Entretanto, está a democracia em perigo? "Não e sim. Não no sentido em que não vejo perigo para eleições livres, ou risco de um golpe autoritório. O verdadeiro perigo é o enfraquecimento da democracia, através de ataques às suas instituições, o Tribunal Constitucional, a independência do Banco Central, da rádio e televisão públicas. Tentam alargar o domínio do poder executivo. E têm tido sucesso. Liquidaram a independência dos funcionários públicos, cujas lideranças são agora por nomeação política.

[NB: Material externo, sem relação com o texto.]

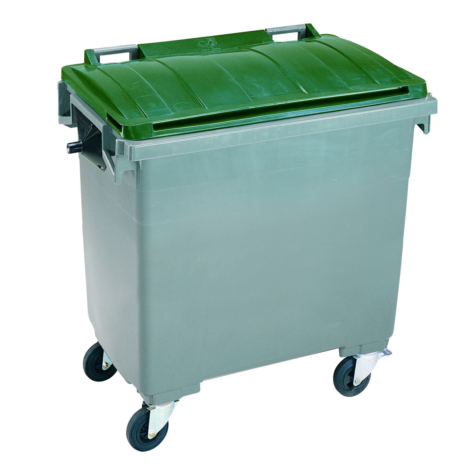 Poignées sur 3 faces (2 arrières, 1 de chaque coté). Capacité : 1000 litres. Dimensions : H 131 x L 136 x P 107 cm.
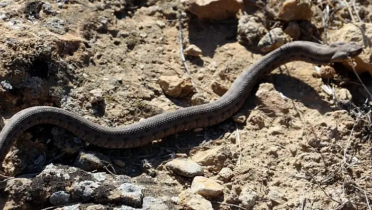 Haber çalışması için Ağrı Dağı'nda bulunan AA ekibi, Koca engerek yılanıyla karşılaştı. AA ekibi, boyu yaklaşık bir metre olan yılanı görüntüledi.
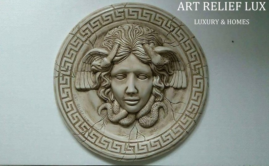 НОВИНКА!!! ЧУДЕСНЫЙ БОЛЬШОЙ ГРЕЧЕСКИЙ БАРЕЛЬЕФ С ЛОГОТИПОМ МЕДУЗА ГОРГОНА VERSACE. АРТЕФАКТ В ЧИСТОМ БЕЛОМ КРАСИВОМ БАРЕЛЬЕФТЕ! ОТДЕЛКА КАМИНА ГОСТИНОЙ, ВАННОЙ КОМНАТЫ, РЕСТОРАНА, ОТЕЛЯ... РУЧНАЯ РАБОТА!!! .
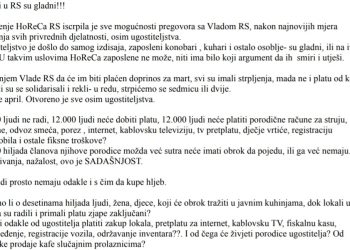 Udruženje ugostitelja “HORECA” saopštava da ovo udruženje neće snositi nikakvu odgovornost za eventualne proteste građana koji rade u ovoj grani...

Politizaram os gabinetes."
E, "numa sociedade muito homogeneizada, com poucos emigrantes", o discurso católico, conservador, rende-lhes votos. "É por razões puramente oportunistas, porque querem controlar todo o espaço à direita."
Wojcieh Charchalis, 37 anos, tradutor de Saramago, Lobo Antunes e Pessoa, viveu anos em Portugal e voltou à Polónia justamente quando os gémeos foram eleitos.

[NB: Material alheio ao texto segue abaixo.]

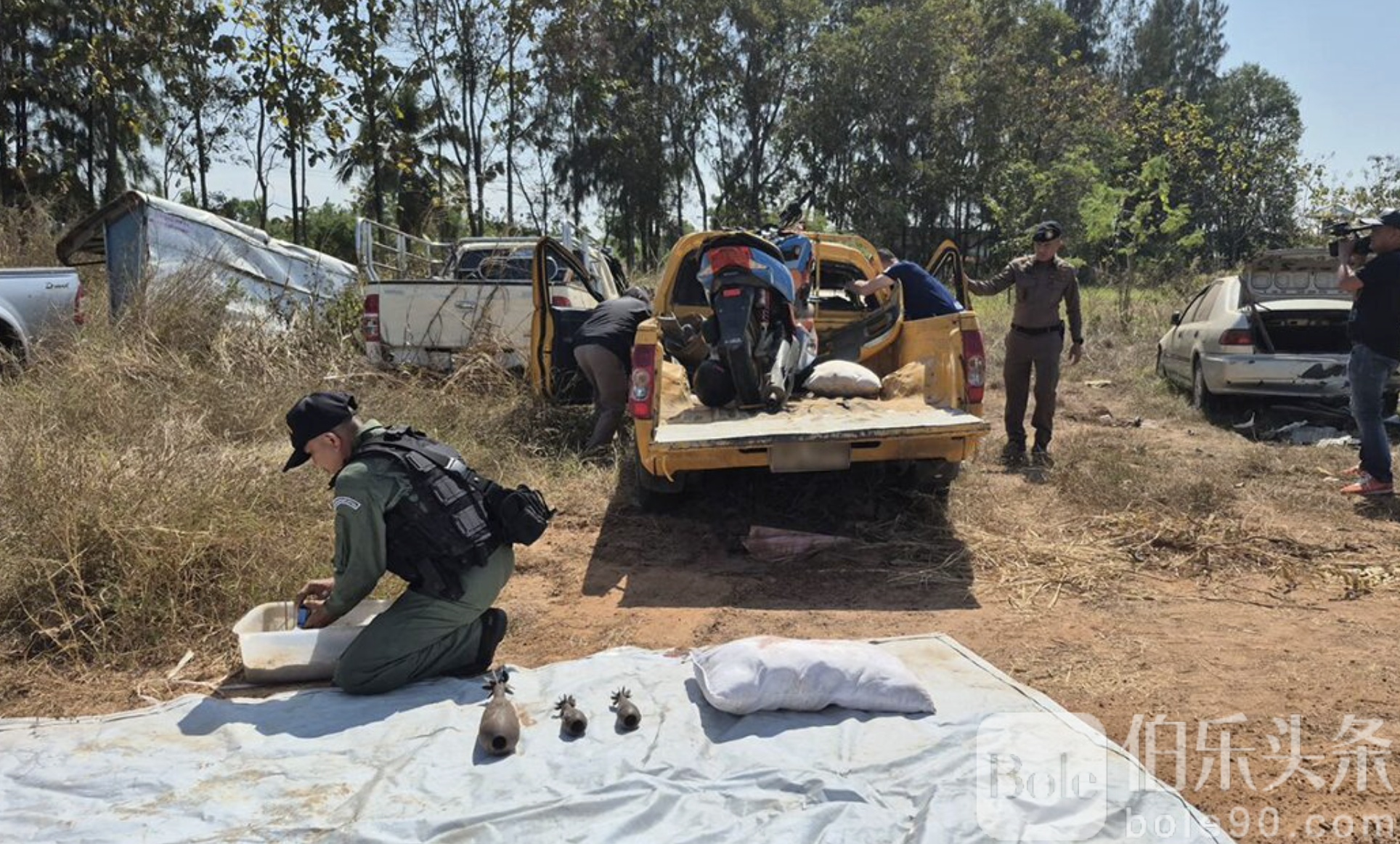 伯乐头条专讯:1月23日清晨,泰国武里南府巴空猜县发生一起离奇又惊悚的交通事故,一辆皮卡车失控撞上路边大树,司机重伤送医,但警方到场检查时,却在车内发现多枚军用迫击炮弹和大量巨型爆竹,现场一度被视为“随时可能爆炸”的高危区域,紧急出动拆弹部队封锁道路处理。
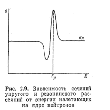При наближенні енергії падаючих нейтронів до значення енергії резонансного рівня ядра другий доданок в (64) стає достатньо великим, щоб переважати над потенційним членом. При цьому різниця E—Ep може бути як позитивною, так і негативною. Для H, Li і Мn резонансний член, будучи негативним, переважає над потенційним, приводячи, таким чином, до негативної амплітуди розсіювання. Якщо ядро володіє спином j, то результат складання його із спином падаючого нейтрона, рівним ±1/2, може привести до утворення складених ядер із спинами відповідно j + 1/2 і j — 1/2; В цьому випадку розсіювання повільних нейтронів на вільному ядрі описуватиметься не одній, а двома амплітудами розсіювання: f + і f —. Перша амплітуда відповідає паралельній взаємній орієнтації спинів ядра і падаючого нейтрона, друга — антипаралельної орієнтації спинів. При цьому диференціальний переріз розсіювання

"Sem uma garrafa de vodka é difícil falar do assunto por ser tão difícil", começa por dizer, em português, a partir de Gdansk, no Norte. "Estes senhores no poder querem mudar a face moral do país, dar cabo da corrupção. Mas de uma forma que causa corrupção. O modo deles tem a ver com as bases comunistas: a lei não nos vai impedir. Querem construir democracia utilizando métodos não-democráticos."
Chamar-lhes direita é pouco, acha. "Os partidos portugueses de direita na Polónia seriam de esquerda...", exemplifica. "Os gémeos são a extrema-direita, um populismo puro. Jogam com a igreja católica, com o patriotismo."
E Charchalis sente o medo de que fala Michnik. "As pessoas falam menos. Um ministro grava uma conversa com outro e utiliza isso na luta política. Lenine dizia que justo é aquilo que fortalece a revolução, e é isso que eles fazem, odiando o comunismo. Reina uma espécie de caça às bruxas. Eu ainda vivi o comunismo e por isso não aceito estes métodos."
Uma das consequências do mal-estar é o êxodo: "Nos últimos dois anos, um milhão e meio de pessoas partiram. Quem sabe ler e escrever já está em Inglaterra ou na Irlanda. As pessoas que sabem mexer-se simplesmente saem. Não têm futuro com políticos que falam de lutas de há 40 anos."